Due to the compactness, high speed, and moduleless, and small sizes of modern electronic devices, heat dissipation of the electronic devices must be promoted with the improvement of the technologies.
Currently, wind blowing from heat dissipating fans has a wide coverage and is weak. Moreover, dead ends are formed. With reference to FIG. 2, a direct blowing fan D blows wind by using blades A. Thereby, the wind in the center of the fan is weak or no wind blows out in the center of the fan so as to form a dead point E.
For the seat B of the heat dissipating device, it is often that the center of the heat dissipating seat has highest thermal energy so that the heat dissipation is not preferred. Theoretically, the larger the heat dissipating area, the higher the heat dissipating efficiency. Thereby, more and more heat dissipating fins or pin fins cause stronger heat dissipating effect. However, in prior art heat dissipating seat, since tops C of the fins or pin fins have interface impedance which increase with the increment of the density of the fins or pin fins.
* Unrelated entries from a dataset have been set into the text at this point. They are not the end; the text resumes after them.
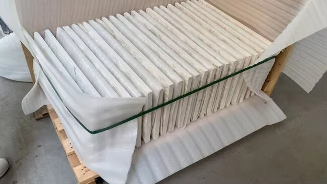 กระเบื้องหินตกแต่งผนังภายนอกอาคาร ลายหินธรรมชาติแบบแบ่งชั้น บิอันโก บอตติชิโน จากตุรกี
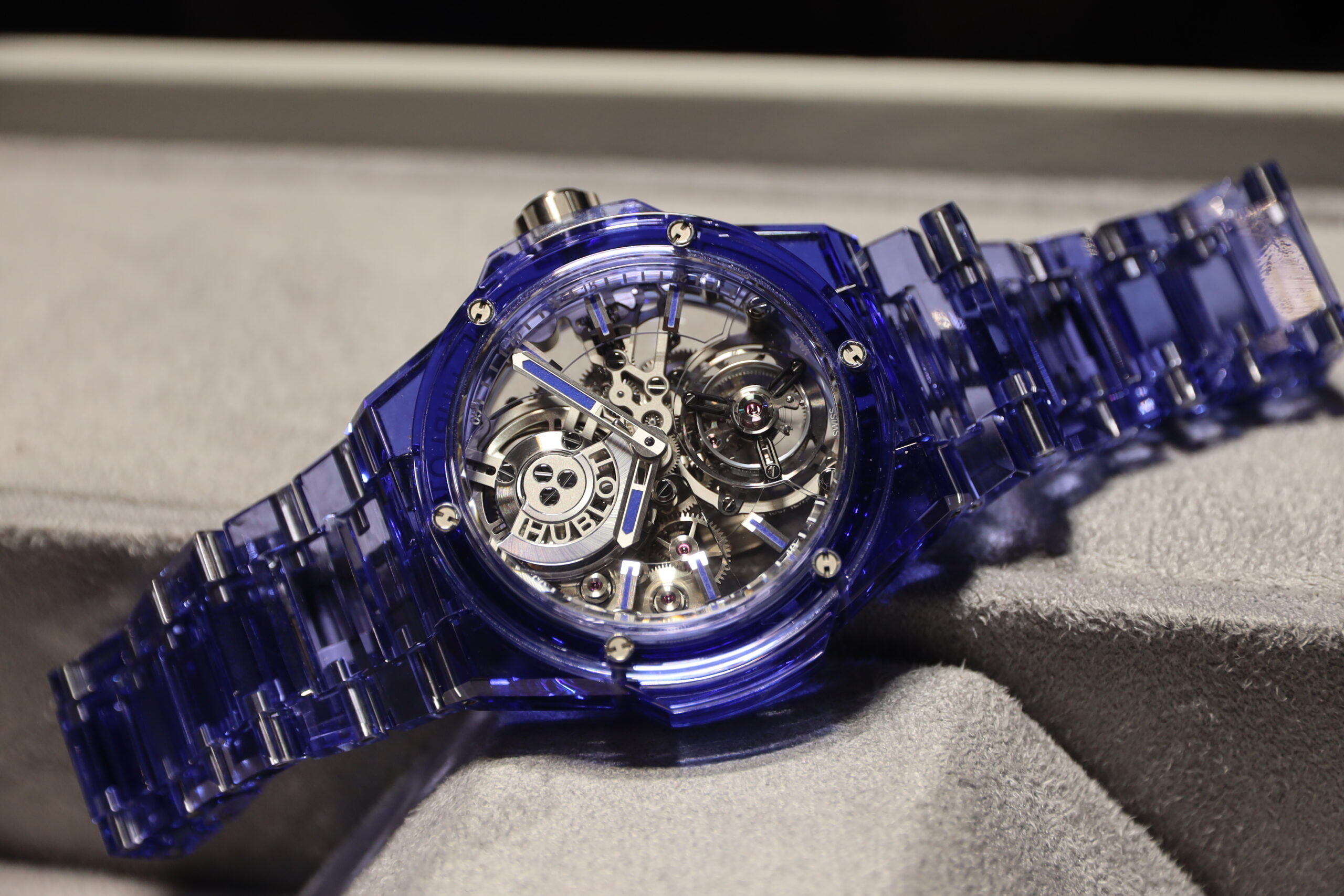 Undoubtedly the most eye-catching release this year, that I saw at least, was all sapphire all-blue Big Bang Integrated Tourbillon Full Blue Sapphire. Hublot has done many watches in sapphire crystal now, as can be seen above, but hardly any have a sapphire crystal bracelet as well. Partly, I expect, because that makes it ludicrously expensive, but also because it’s very difficult to do. Some parts are metal, of course, but the majority is the sapphire crystal which is lightweight and very strong. The watch felt light but sturdy, the edges on the bracelet are a little sharp but not unpleasant, and the dial with tourbillon and micro-rotor visible are eye-catching. The in-house made HUB6035 runs for a total of 72-hours and is on display from all angles, thanks to that case again. There will only be ten of these, and the price is an eye-watering 527,000 US$. It’s definitely not a watch to wear with a dinner suit, but I think with jeans and a blazer even, this could be a great piece for those who can afford it.
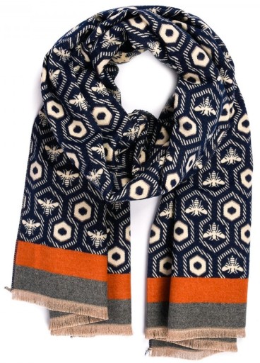 CHUSTA SZAL WISKOZA BAWEŁNA PSZCZOŁA GRANATOWA 2767
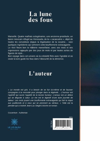 Marseille. Quatre malfrats octogénaires, une ancienne prostituée, un baron mexicain réfugié au Venezuela, de la « cacaocaïne », objet de toutes les convoitises depuis la légalisation de la cocaïne¿ voici quelques ingrédients qui rythment cette bouffonnerie extravagante. Le récit fleure bon la hâblerie marseillaise, avec ses mots et ses expressions appuyés par des jeux de mots et par toutes sortes de figures de style¿ Bon voyage dans cet univers où la crédulité flirte avec l¿ignoble et où seule la lune guide les fous dans l¿obscurité de la démence.
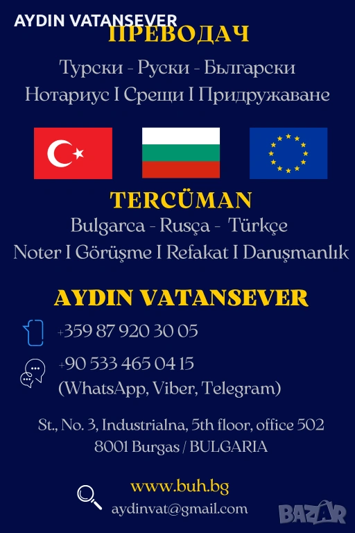 ПРЕВОДАЧ БУРГАС - ТУРСКИ, РУСКИ, БЪЛГАРСКИ 🔥
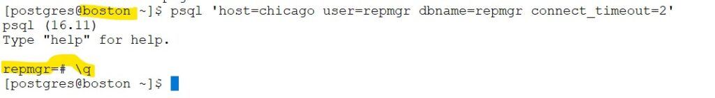 psql 'host=chicago user=repmgr dbname=repmgr connect_timeout=2'
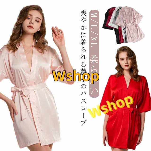 バスローブ 柔らかい 涼しい 薄手 浴衣 ウエスト紐 光沢感 寝巻き 接触冷感 ネック 部屋着 夏新作 ミディアム丈 大人女性 パジャマ 寝間着 ゆかた 高級感 ギフト 無地バスローブ 薄手 レディース ルームウエア 五分袖 上品 風呂上げ ナイトウエア プレゼント 送料無料
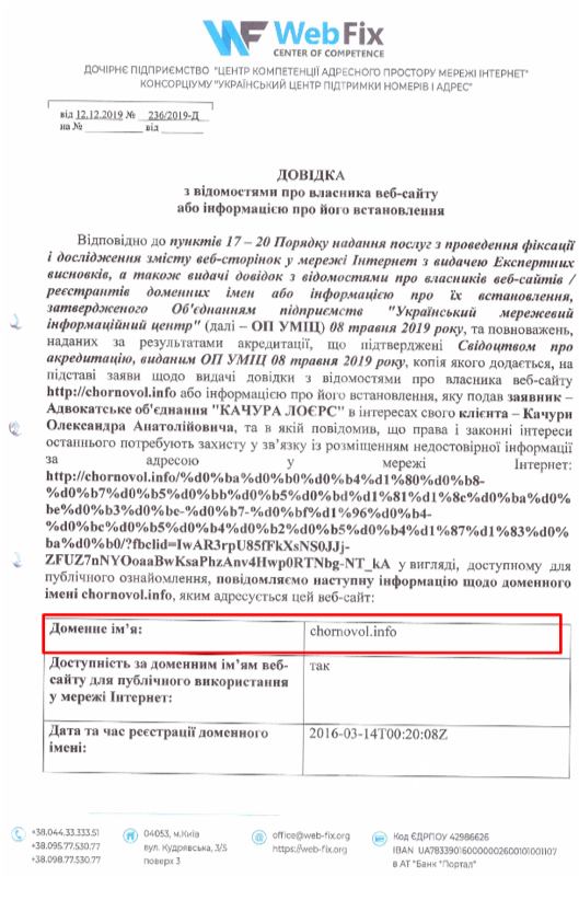 Інформація про розміщення серверів chornovol.info підтверджена офіційними документом з Українського центру підтримки номерів і адрес.

Thereby, the density of the fins or pin fins are confined, otherwise the wind will reflect from the tops of the fins or pin fins so that the wind can not flow into the heat dissipating device, as a result the heat dissipating efficiency is decreased greatly.
In another prior art, turbine form heat dissipating fan, as fan D1 illustrated in FIG. 2-1, is used. Since the intensity of wind is strong and the wind direction H1 cannot be controlled. Thereby, the wind flow H1 is unsteady. Turbulent flow or high density flow is easily generated so as to form another kind of heat dissipating dead point E2. Thereby, the improvement of heat dissipating efficiency is limited.
Another improvement is water-cooled heat dissipating devices, however, such kind devices easily generate wet moistures. This is unbeneficial to electronic products.